Firefight at Yechon: Courage and Racism in the Korean War
- Author: Charles M. Bussey
- Language: English
- Subject: War History
- Genre: Non-fiction
- Publisher: Brassey's
- Publication date: 1991
- Publication place: United States
- Media type: Paperback
- Pages: 264
- ISBN: 0-0803-7448-4
- OCLC: 48399158
- Dewey Decimal: 951.904/23 21
- LC Class: DS921.6 .B87 2002

= Firefight at Yechon =

Autobiography by Charles M. Bussey

Firefight at Yechon: Courage and Racism in the Korean War, is an autobiography by Charles M. Bussey.

Bussey joined the Tuskegee Airmen, an all-black air unit, which protected Allied bombers on missions over Europe during World War II in over North Africa, Italy and finally Germany.

Bussey later served as an Army officer in the Korean war.

On July 20, 1950, Bussey was returning to his 77th Engineer Combat Company with mail from the states for one of his platoons, when he came across a dozen "lollygagagging" (resting) army truck drivers. Bussey heard fighting in the town ahead, in which Bassey states his company was supposed to provide back up support. He climbed a nearby hill. A kilometer to the rear of the vehicle column he spotted a large body of white-clad Koreans coming toward them.

Bussey ordered the drivers to unload the two machine guns and ammunition in their trucks and drag them to the top of the hill.

I watched the group of farmer-soldiers coming ever closer and reckoned that farmers scatter and run if you send a long burst of machine-gun fire over their heads, but soldiers flatten out like quail and await orders from their leader...I sent a burst from the .50 caliber machine gun dangerously close above the heads of the approaching group...True to the form of soldiers, they flattened into the paddy as the bullets flew past them...Bullets raked and chewed them up mercilessly...The advancing column was under tight observation from somewhere on the mountain because large mortar rounds started...overhead. I was knicked by a fragment. the gunner on the .30 caliber machine gunner was hit badly, and his assistant was killed. The enemy mortar was accurate. The shells were bursting about twenty to forty feet overhead, showering us with shell fragments. And we were now drawing small-arms fire from the rice paddies below...I chopped the North Korean troops to pieces...I was ashamed of the slaughter before me, but this was my job, my duty, and my responsibility. I stayed with it until not one white rag was left intact.
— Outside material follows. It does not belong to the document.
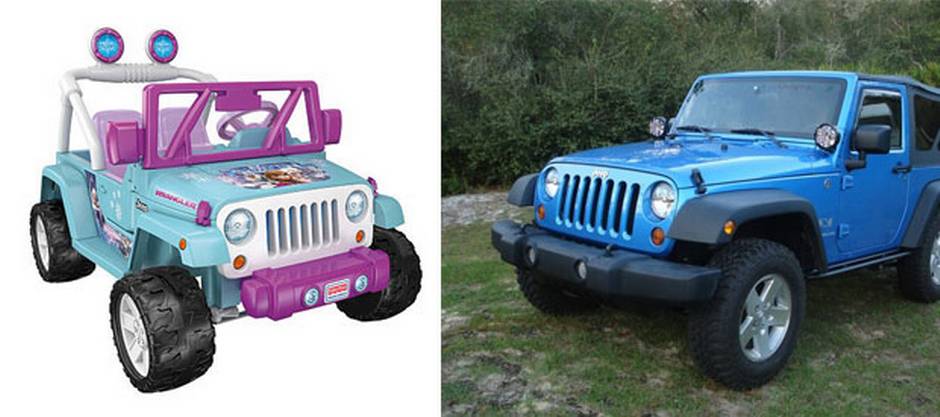 | Fisher-Price Disney Frozen Jeep Wrangler: $279.99, 12V battery. Features roll bars and a 'radio' that only plays songs from Frozen. Jeep Wrangler: $20,695, 285 horsepower. Features a fold-down windshield, removable doors and four-wheel drive. |

The enemy unit was destroyed. Bussey's group was given credit for killing 258 enemy soldiers in the battle. A day after United States forces occupied Yechon, an Associated Press reporter filed a story about the entire battle and said it was "the first sizable ground victory in the Korean war".

Bussey stated that he was denied the Medal of Honor in the battle because a racist white officer, Lt. Col. John T. Corley, felt the nation's highest medal for valor should only be awarded to a black man posthumously.

Thirty-nine years after the conflict, Bussey could not pinpoint the mass grave site of the dead North Korean soldiers and local civilians could not recall anything about the incident.

The Washington Post states that "prejudiced Army historians later insisted, against the evidence...[the Battle of Yechon]...never really happened".